Race, Justice and American Intellectual Traditions by Stuart Rosenbaum
Author:Stuart Rosenbaum
Language: eng
Format: epub, pdf
Publisher: Springer International Publishing, Cham
Mills on Rawls
Mills pulls no punches when discussing Rawls’s account of justice . Rawls is straightforwardly racist, according to Mills, and is so because of his willingness to locate his concern with justice fully within the classical Western intellectual tradition. That Western intellectual tradition is, in Mills’s and in my own view, thoroughly racist. John Stuart Mill and Milton Friedman are only two of the thinkers who supply roots for Rawls’s racism . Mills becomes in this essay one of those others I earlier mentioned on whom we depend to reveal contents of our psyches that may otherwise remain hidden to ourselves. We depend on each other not only for many social and personal needs, but also for insights into the contents of our own psyches.
Western political—and social, moral, epistemological and metaphysical—theory assumes European, white supremacy. Western political theory, whether in Hobbes, Locke , Mill or Rawls is deeply—and imperceptibly to Western psyches—racist.
For five centuries and more, European colonialism subjected the native peoples of the entire globe to conquest and domination. That domination rested on a presumption of European—and “white”—cultural, moral and metaphysical superiority. This presumption was for centuries, and remains largely unquestioned; it was a given for all European psyches, and was embedded in all European cultures as much as was the idea that monarchs were God ’s representatives on earth or as was later the Enlightenment idea that reason was an authoritative source for knowledge about morality and society.
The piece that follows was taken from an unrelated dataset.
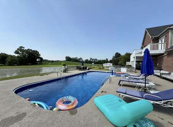Luxury Estate & Income-Producing Retreat in Georgetown, KY. Welcome to an extraordinary opportunity at 122 Wise Path, Georgetown, Kentucky-a stunning 4,352 sq ft estate situated on over 6 acres of beautifully landscaped land, offering unmatched privacy, resort-style amenities, and proven income potential. This open-concept home features 5 spacious bedrooms and 3.5 bathrooms, designed for both comfortable living and entertaining. The primary suite is a true retreat, complete with a luxurious soaking tub and walk-in shower. The finished basement continues the home's open-concept design, offering expansive space ideal for a game room, media area, or additional living and entertaining space. A flex room in the basement can easily be used as an additional bedroom, guest suite, home office, or gym, providing excellent versatility and value. Step outside and experience a private, resort-style oasis. Outdoor highlights include a 32,000-gallon swimming pool with a brand-new liner, hot tub, outdoor kitchen, top-deck putting green, and a tranquil koi pond with gazebo. Gather with friends and family around the outdoor fire pit, creating the perfect setting for evening relaxation, conversation, and year-round entertaining. As you enter the property, you're welcomed by a picturesque pond with a fountain, while the rear of the home opens to a breathtaking 2-acre lake with fountain and private dock-ideal for fishing, kayaking, or enjoying peaceful sunset views. Equestrian or hobby enthusiasts will appreciate the 1,878 sq ft outbuilding equipped with electric and water, featuring three horse stables and ample space for storage or additional uses. Recent updates include a new roof, repaved driveway, Brand new septic tank equipped with new leach lines and grinder, and a recently replaced HVAC/AC system, ensuring comfort, efficiency, and peace of mind for the next owner. Currently operating as a successful short-term rental for the past four years, this property has generated almost $360,000 in net income, making it an exceptional turnkey investment opportunity. The home will be sold fully furnished, including all furniture and appliances, allowing for immediate occupancy or continued rental operations. Whether you're seeking a luxury private residence, a private retreat, or a high-performing investment property, this one-of-a-kind estate truly offers it all.

This cultural situation did not acknowledge—did not even recognize—in its colonialist appropriations of native lands and peoples any racist intent. The racism of those European cultures Europeans themselves simply could not conceive, since the “inferiority” of conquered and dominated native peoples was undisputed even in their imaginations. Political and moral theory—as well as other modes of theory—were rooted in assumptions of European, and white, superiority. And those assumptions were hidden from their/our own psyches.
(An interesting analogue of the racism hidden in European psyches is the anthropocentricism hidden in all modes of explanation prior to the scientific revolution of the seventeenth century. During prior centuries Aristotelian-style teleological explanation just was explanation, and it modeled goal-directed explanations of human behavior. Thus, each basic element in Aristotle ’s “table of elements” had a “natural place” in the universe where it belonged and a simple, single desire to get there in the most direct way possible. This Aristotelian anthropocentricism changed definitively during the seventeenth century, culminating in the Newtonian physics that made Aristotelian teleology no longer scientifically reputable. After Newton, scientific explanation became utterly detached, impersonal and “objective,” involving only matter in motion and the mechanical laws that govern that motion.)
John Stuart Mill , along with his European intellectual fellows, could not see their racism . Racism did not exist for them. Mill and his fellows did see social scaffolding, but they did not see native peoples as falling anywhere on the scaffold they and their European colleagues sought to rationalize. Native peoples were “other,” uncivilized, barbarians , and these native peoples included Africans, Indians, Native Americans and others.